Hi:
As elegant as the PRX-only solution is, I agree with Scott that sometimes a more verbose or step-wise solution might be easier to maintain. For example, compare the 7 statements of the PRXCHANGE/REVERSE/SCAN solution with the 5 statements in the PRX-only solution.
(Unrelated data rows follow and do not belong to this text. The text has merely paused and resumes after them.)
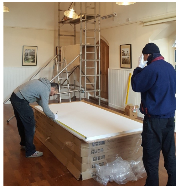
Installation of sound absorbing panels
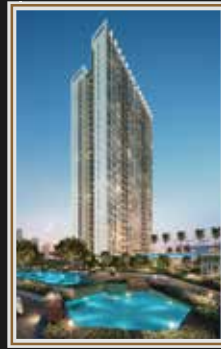
Transcon Triumph T2 Andheri West
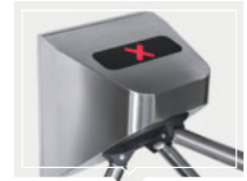
"Open/Closed" light indicators

The warranty period is 5 (five) years from the date of sale of the product.
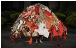
From “writtenafterwards” 2018 Spring/Summer Collection

“writtenafterwards” Fashion Show ※November 9 (Sat) 17:00~
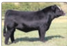
Mr CCF 20-20 - reference sire
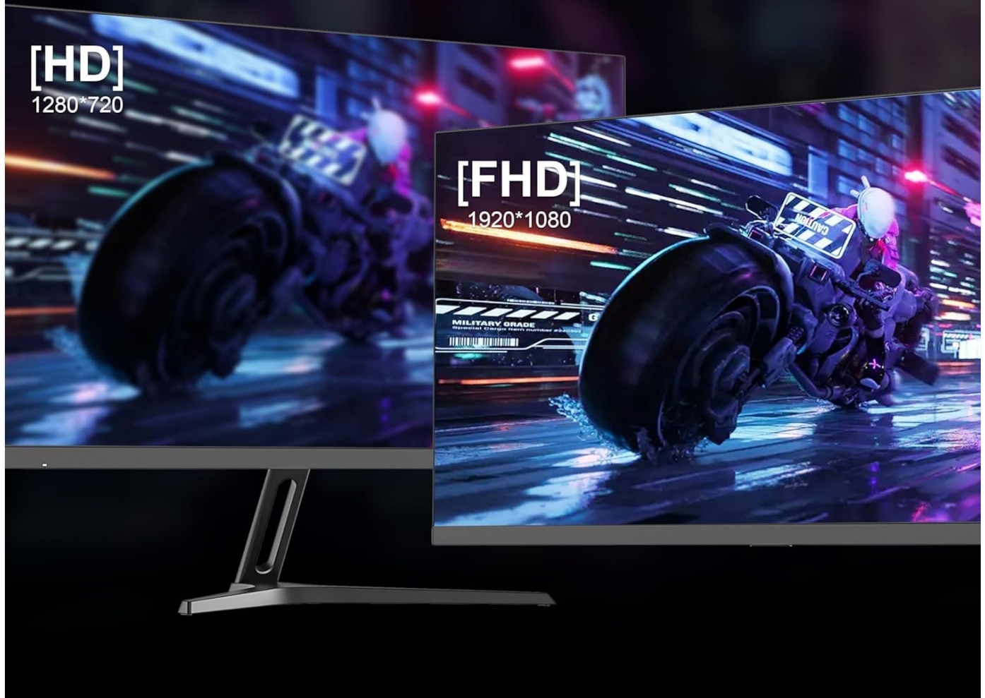
Image: A side-by-side comparison illustrating the enhanced image quality of the SANSUI monitor, showing the difference between HD (1280x720) and Full HD (1920x1080) resolution, along with features like 300cd/m 2 brightness, 16.7M color gamut, 100% sRGB, and HDR for true colors.
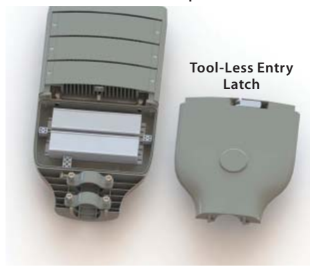
(2) Mounting Clamps (4) Stainless Steel Fastening Bolts

Accepts 1-1/4" - 2-3/4" O.D. Tenon or Pipe
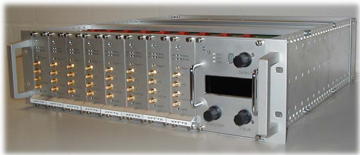
19" XFFTS crate equipped with eight XFFTS boards and one XFFTS controller

Each XFFTS-board operates from a single 5 Volt source and dissipates less than 30 Watt, depending on the actual configuration in terms of bandwidth and number of spectral channels. Precise time stamping of the processed spectra is realized by an on-board GPS/IRIG-B time decoder. Furthermore, the 10-layer boards include a programmable ADC clock synthesizer for a wide range of configurations (bandwidth: 0.1 – 2.5 GHz), making the spectrometer flexible for different observation requirements.
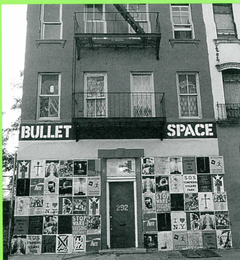
Bullet Space: Your House is Mine, 1988-92. Book & Street Project.
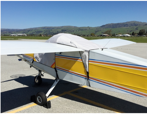
Bolkow Junior 208 Canopy Cover
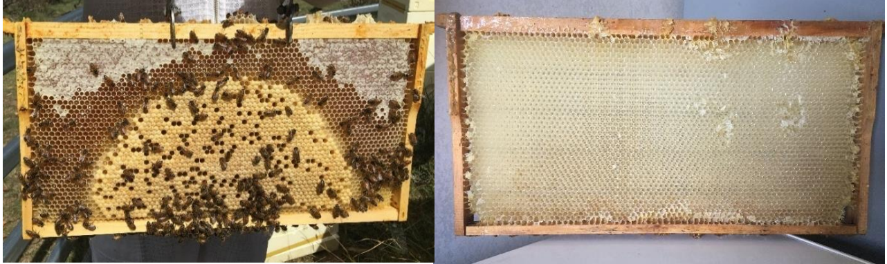
Figure S1. Brood frame (left) and frame with wax comb used to replace brood frame (right)
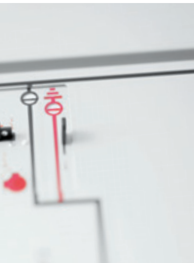
NXPLUS C switchgear up to 24 kV, up to 25 kA, up to 2,500 A up to 15 kV, up to 31.5 kA, up to 2,500 A
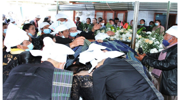
Figure 1. Coronation of the eldest son during the father funeral

their coronation to continue kinship in the next generation. The coronation of the eldest son in the “last attire” during the father's funeral is in Figure 1.
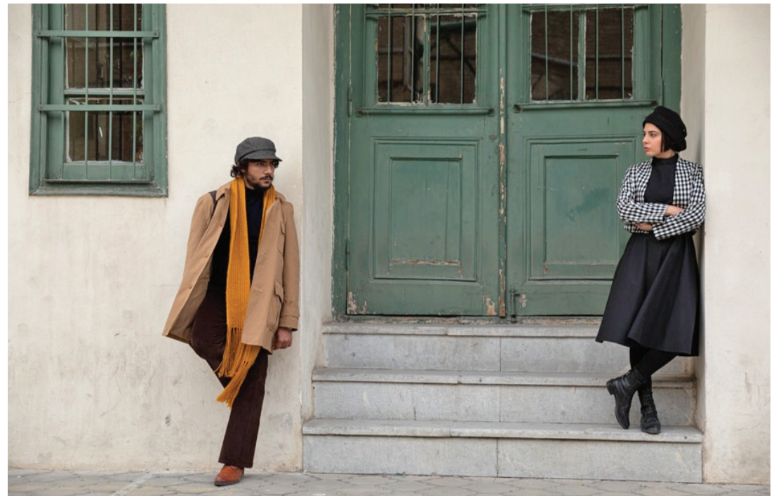
A screenshot from "Green Plum Season"

The film has already participated in Dhaka International Film Festival, Iranian Film Festival Zurich, Asian Film Festival Barcelona,
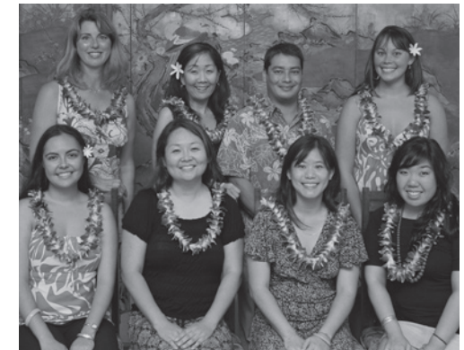
Educators celebrated at last year's ARTS FIRST Honors event
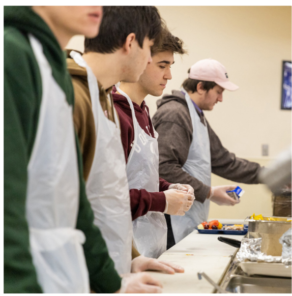
▲ ► Students from U of D Jesuit High School & Academy prepare meals for our guests.

Volunteers of all ages are a vital part of Capuchin Soup Kitchen. We often host students from local high schools. They volunteer regularly and join the soup kitchen's staff and other volunteers in small groups to serve the community. As part of a class curriculum at University of Detroit Jesuit High School & Academy, students are assigned various outreach and service opportunities in the community, and the Capuchin Soup Kitchen is one of them.
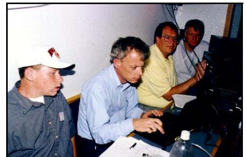
KG4CCX, KV4CN, KF4VHH and KS4YF at W1VOA
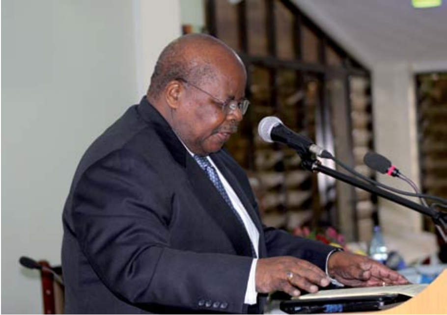
His Excellency Benjamin William Mkapa , former President of Tanzania

security and stability. For conflict resolution and peace building to take root in Africa the leaders need to identify the origins of the problem and ensure there is good governance. Lack of multilateral approaches, indifference and lack of political will among leaders have hampered the achievement of peace building and reconciliation.
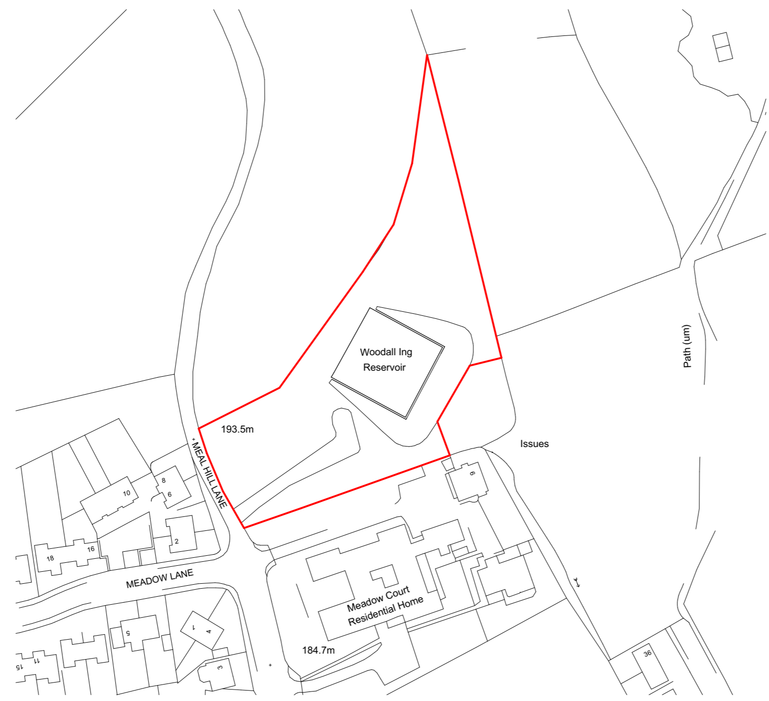
OS Location Plan 1:1250
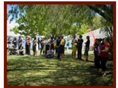
Above: Audience of the dance performance
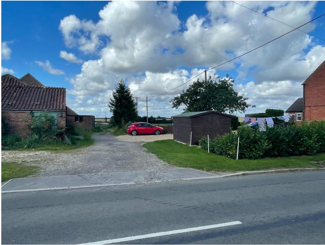
Image 1: 1 West Farm Cottages on the right, view from B1241 looking West, showing the narrow gap between the buildings.

If I am a PRX newbie and my ever inventive data entry folks throw a few curve balls like Dr. Casey (no first name) or Dr. First Last, Sr. MD or Dr. First Last, III MD I have a better chance of -successfully- adjusting my code using the hybrid approach. If I'm not a PRX newbie, then adjusting the regex will probably be easy.
cynthia
[pre]
data drname;
length name $30;
infile datalines dsd dlm=',';
input idnum name $;
return;
datalines;
1,"Dr. Smith T. Bauer MD"
2,"Samuel I Rodriguez M.D."
3,"Will Glader MD"
4,"Dr. Greg House"
5,"Dr Drake Morgan"
6,"DR Donnie Darko, Sr. MD"
7,"Dr. Casey"
;
run;
data parsename;
length first last z revname zz $30;
set drname;
** get rid of Dr, if present;
z = left(prxchange('s/(Dr |Dr. |DR |DR. )/ /',1, name));
** get rid of periods and commas;
z = compress(z,',.');
** reverse the string so that MD, Jr, Sr is first, if present;
revname = reverse(z);
** change MD, Jr, Sr (in reverse) to spaces;
zz = left(prxchange('s/(DM |rJ |rS )/ /',2, revname ));
** now first name is always the first chunk of the string;
first = scan(z,1,' ');
** and last name is always the first chunk of the reversed string;
** but the scanned string has to be reversed again to be correct;
last = reverse(scan(zz,1,' '));
** If first name and last name are the same (Dr. Casey), then set ;
** spaces/missing for first name;
if first = last then first = ' ';
** entire PRX solution;
* prepare reg. expression for text parsing;
_EXPR='s/(Dr.)?(\s*\S*)\s*?\S*?(\s+)(\S*)\s*(MD|M.D.)\s*/$2 $4/i';
_REGX=prxparse(_EXPR);
_PRX=prxchange(_REGX,1,name);
* split parsed text into desired variables;
alt_FIRST=scan(_PRX,1);
alt_LAST=scan(_PRX,2);
run;
ods listing;
proc print data=parsename;
var first last name z revname zz alt_first alt_last;
run;
[/pre]